Greta Thunberg has once more taken an issue of global importance and made it all about herself. Once again, she has turned a complex, nuanced issue into a social media spectacle.
She repeatedly says she doesn’t “like this attention” and yet released a pre-recorded video about the capture of the boat she was travelling on towards Gaza by the Israeli Defence Force.
And that is her brilliance as a campaigner. As she so often did in the climate crisis debate, Greta has used both her appeal to activists and her antagonism to opponents to shine a light on an issue in desperate need of the world’s notice.
Early this morning, it was reported that Greta was at Ben Gurion Airport in Israel on her way home. The country’s foreign ministry announced she and others on the 12-strong trip were “expected to leave within the next few hours”.
The boat on which she was sailing remained in the Port of Ashdod. Israel said the small amount of aid it was carrying would be sent on to Gaza. But the delivery of food and medicine was never the primary purpose of The Madleen. Its real cargo was “attention”.
And with 14.8m followers on Instagram and 5.2m followers on X, Greta – sufficiently famous to be a one-name activist – brings plenty of attention.
The video she released when the boat was stormed was shared across social media and led mainstream news bulletins. Israeli authorities were also sufficiently conscious of her influence that they too shared her image when she was held and brought to shore.
Opponents of the 22-year-old Swedish activist have been incandescent about the trip. Few can trigger the right-wing woke-slayers like Greta. Amid the insults thrown at her on yesterday’s talk shows were that she was “morally repugnant” and indulging in “performative virtue-signalling”.

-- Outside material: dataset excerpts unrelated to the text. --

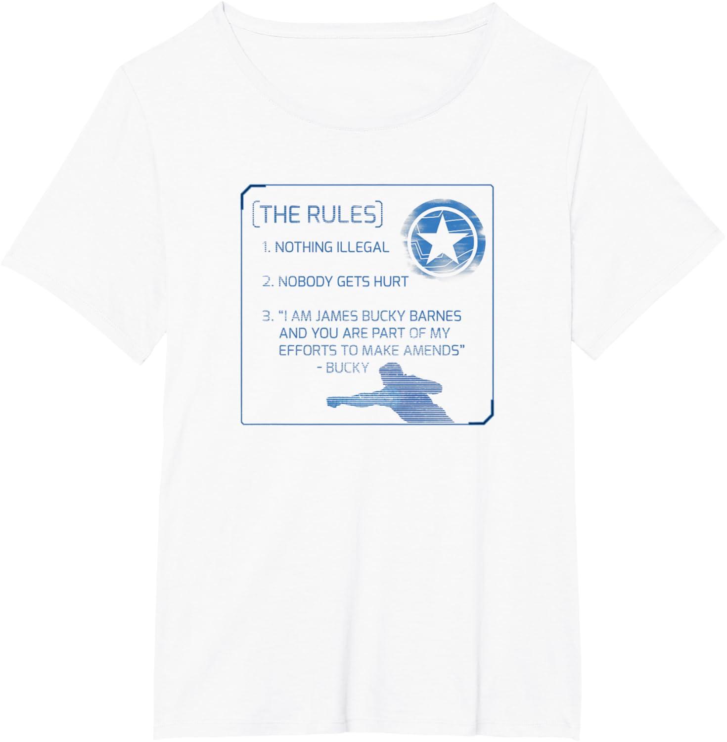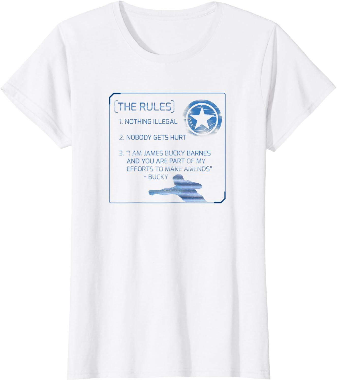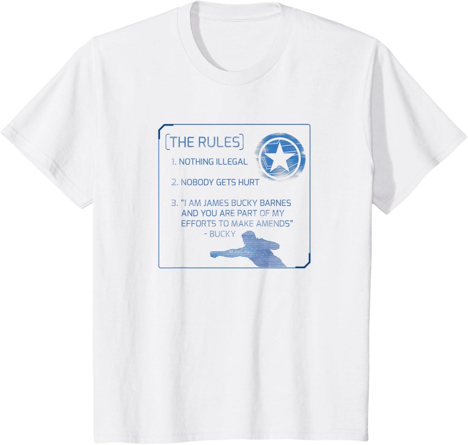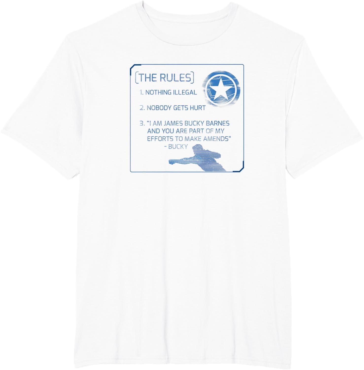 1. Nothing Illegal. 2. Nobody Gets Hurt. 3. I am James Bucky Barnes and You Are Part of My Efforts to Make Amends. Help Bucky Barnes remember his new life rules when you wear this cool Marvel t-shirt featuring artwork from Marvel Studios’ The Falcon and the Winter Soldier, streaming on Disney+. The Falcon and The Winter Soldier is a global adventure that picks up after the events of Avengers: Endgame and follows Sam Wilson and Bucky Barnes on a journey that tests their abilities and their patience. Available in youth and adult sizes. Get this Marvel design in a t-shirt, premium t-shirt, tank top, v-neck, long sleeve tee, or sweatshirt.
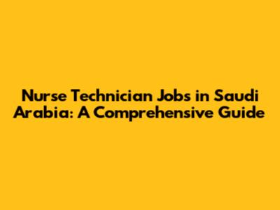 Nurse Technician Jobs In Saudi Arabia: A Comprehensive Guide
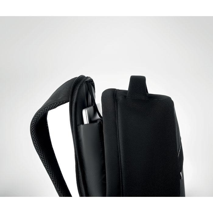 Elevate your brand with the MUNICH 600D RPET Backpack, a sustainable choice made from recycled polyester for eco-conscious promotional campaigns.
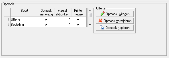 U kunt hier ook een opmaak (lay-out / layout) kopiëren uit de huidige of andere administraties en uit de standaard opmaken. Verder kunt u hier de printerkeuze activeren en het standaard aantal afdrukken per factuur opgeven.
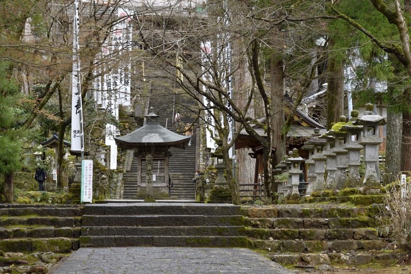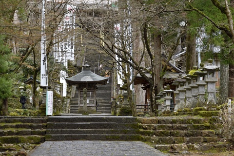 焼香場から本堂へ続く階段。 桜並木の山門前とはうって変わり、落ち着いた石畳の道が続きます。
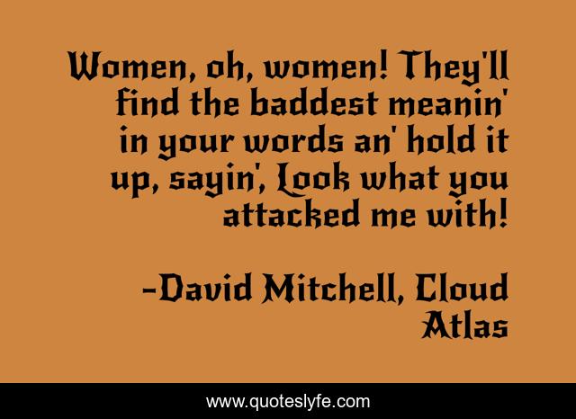 This page presents the quote "Women, oh, women! They'll find the baddest meanin' in your words an' hold it up, sayin', Look what you attacked me with!". Author of this quote is David Mitchell, Cloud Atlas. .
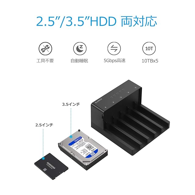 商品名:ORICO ハードディスクケース 2.5 / 3.5インチ HDD/SSD対応 16TB*5ベイ USB3.0接続 HDDコピー機能付き ドライブケース 工具不要 高放熱 電源アダプター付 ブラック 6558US3
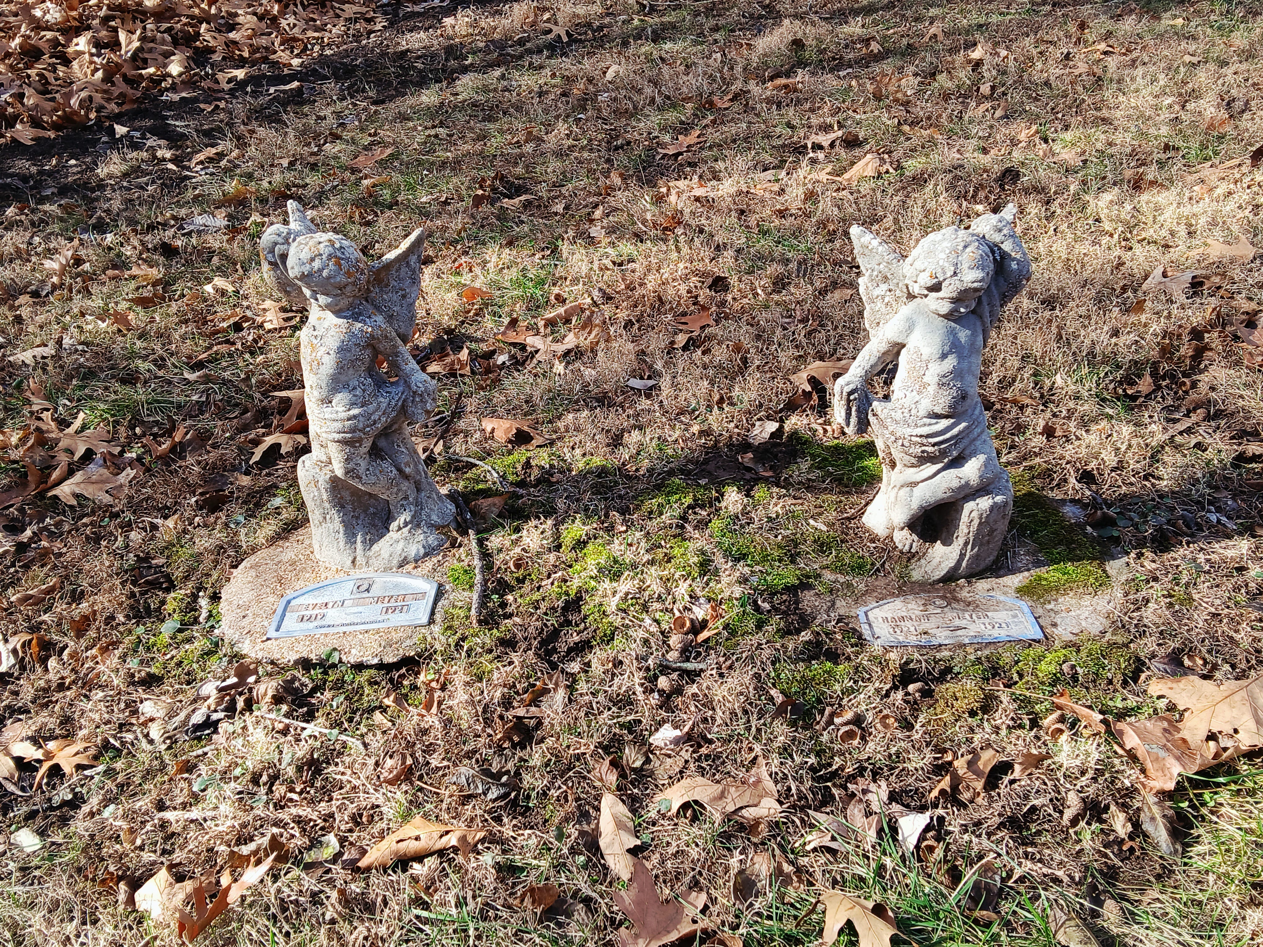Near the grave of America is a crescent of stone. “In Memory,” a sign says. “The stones making the patio in front of this bench, are made from the Tombstones of the many people buried here. LOST FOREVER IN TIME.” The patio was built by Columbia Boy Scout Troop 320. They did a good job.
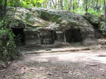 Keywords: Abang09 4 2.jpg Candi Abang 登り口にある遺跡 岩上部切り込みはAbang山頂景色に似ている prambanan jogja 2009-04-21 hikaru inoue PD Candi Abang Stone sculptures in Indonesia
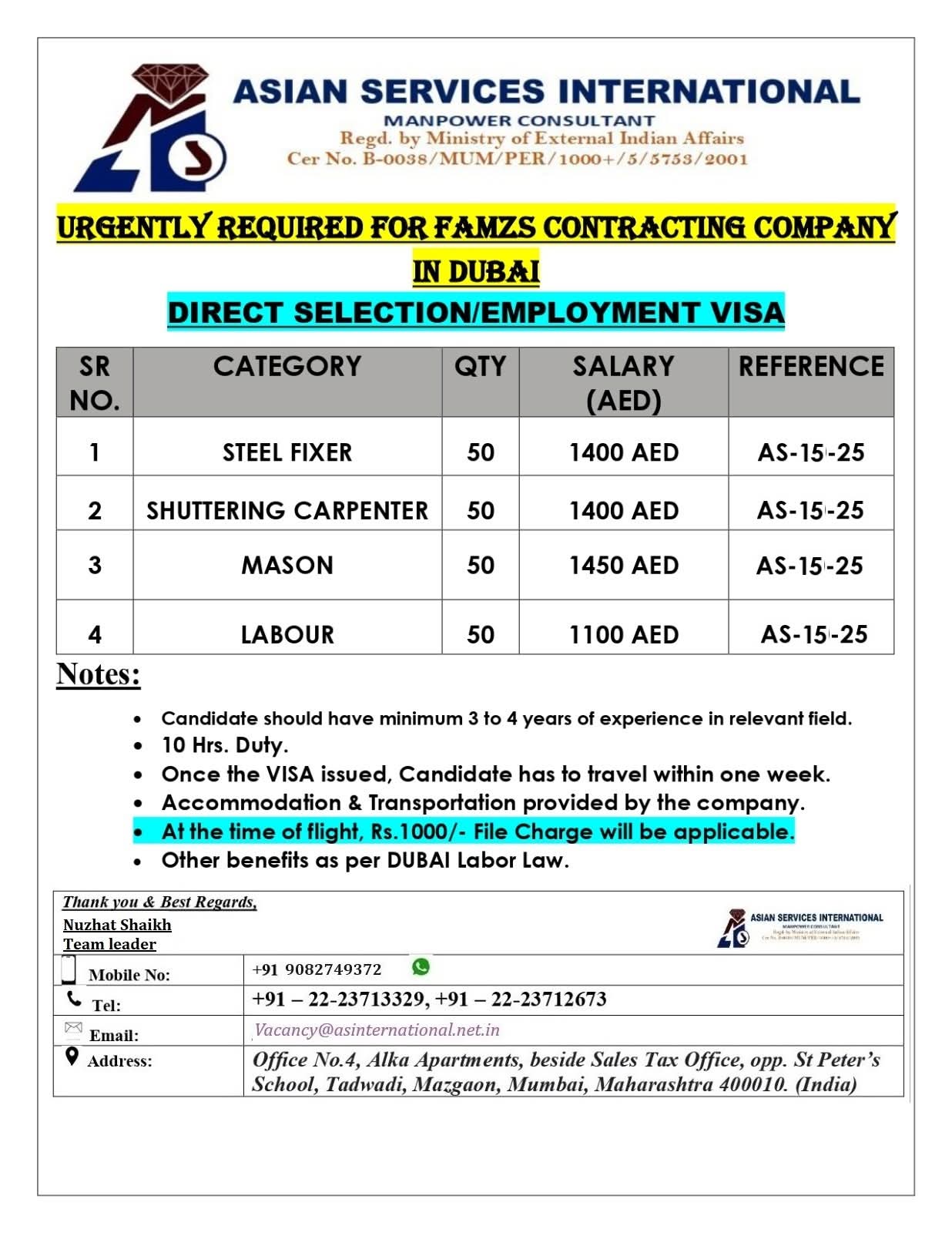 URGENTLY REQUIRED FOR FAMZS CONTRACTING COMPANY IN DUBAI

They all seemed particularly riled that this was a “publicity stunt”, and then spent a good half an hour giving it publicity. But rage-baiting is good for ratings and online clicks.
The Madleen was intercepted in international waters off the coast of Egypt in the early hours of Monday morning after setting sail from Sicily on 1 June.
The activist group Freedom Flotilla Coalition, which organised the journey, said it was seeking to defy the Israeli blockade to deliver aid to Gaza – and that the crew had been “kidnapped by Israeli forces”.
Israel’s foreign ministry, in turn, attempted to diminish the trip by referring to the Madleen as a “selfie yacht” which was carrying Greta and other so-called “celebrities”.
A placard reads ‘Thank you freedom flotilla’ as participants gather during a rally to show their support for activists aboard (Photo: Alex Martin/AFP)And they were absolutely right. A selfie yacht is exactly what it was. But if your selfie is being seen by 15 million people horrified at the plight of children and adults in Gaza, then that is powerful in our visual-first media.
Of course, any aid is of use in a place where children are starving to death, but the suffering of the people of Gaza will not end until the public around the world places such pressure on their governments that they in turn push Israel to stop it.
With a block on Western journalists getting into Gaza and a collapse in faith in the mainstream reporting on the crisis, activists like Greta are seeking to fill an information void. The content created is not objective or comprehensive. But it is emotive. And emotion is the currency of activists.
All across Instagram and TikTok yesterday there were mournful-looking young people listening to the news that Greta’s boat had been “kidnapped”.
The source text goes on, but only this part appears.